DivANS: Modular compression algorithm

For this experiment, to see how well DivANS performs on uncompressed data. We sampled 130,000 random chunks being uploaded to Dropbox. We measured the sizes and compression (encode) and decompression (decode) rates of DivANS, and several alternative algorithms (zlib, Brotli, Zstd, 7zip, bz2). For DivANS and Brotli, we compared 2 different compression levels (q9 and q11). For zlib, 7zip, bz2 and Zstd, we used maximum settings. All tests were performed on 2.6 GHz Intel Xeon E5 2650v2 servers in the Dropbox datacenters and no data chunks from the test were persisted. Since Dropbox uses Lepton to compress image files and some files are already compressed by users, we only benchmark files where zlib is able to obtain at least 1% savings on that files. One third of the sampled files, by space, were benchmarked.

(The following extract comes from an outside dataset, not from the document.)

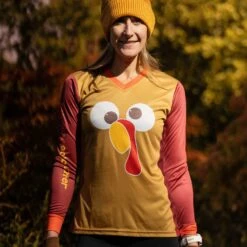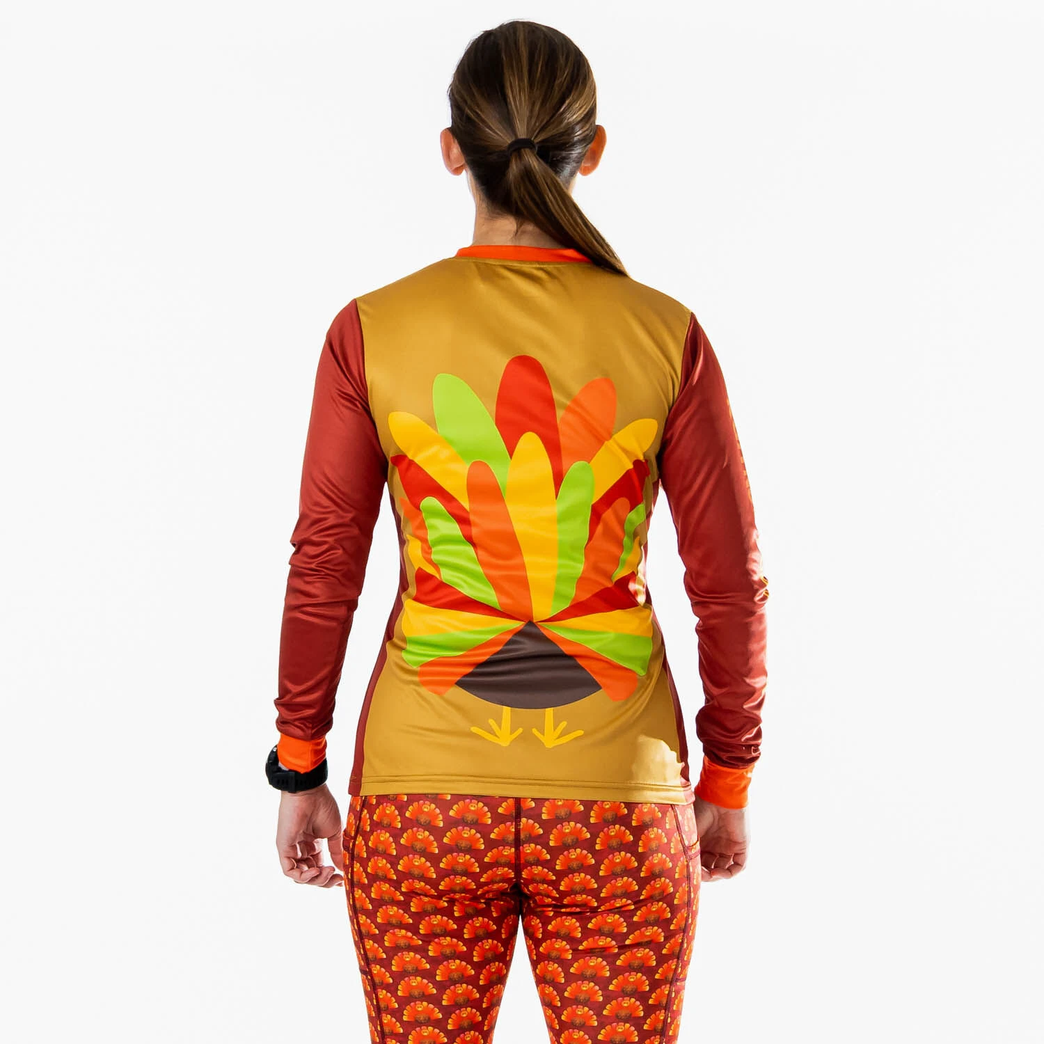 Show off your Thanksgiving spirit in our long sleeve performance tee featuring our exclusive Run Now Gobble Later design. The v-neck tee is made from moisture-wicking and lightweight material for all day comfort. Our long sleeve tech tee has a relaxed fit that looks great when paired with any choice of athletic or everyday bottoms. This stylish themed top featuring a turkey face in the front and feathers in the back is perfect for any themed races, runs, and Thanksgiving festivities.

Measuring the Dropbox dataset, DivANS q11 saves 2.5% over Brotli q11 and 12% over zlib.

At these settings, DivANS and Brotli have similar encoding speeds. However, DivANS decode times are still five times slower than Brotli. This is because Brotli decompresses bytes using just a pair of table lookups and some bookkeeping, whereas DivANS has to maintain probability models for each nibble decoded and uses several vector instructions to maintain the CDFs and the ANS state. We expect that a few straightforward optimizations to improve the bookkeeping will bring the speed up a bit, to more than 200Mbps.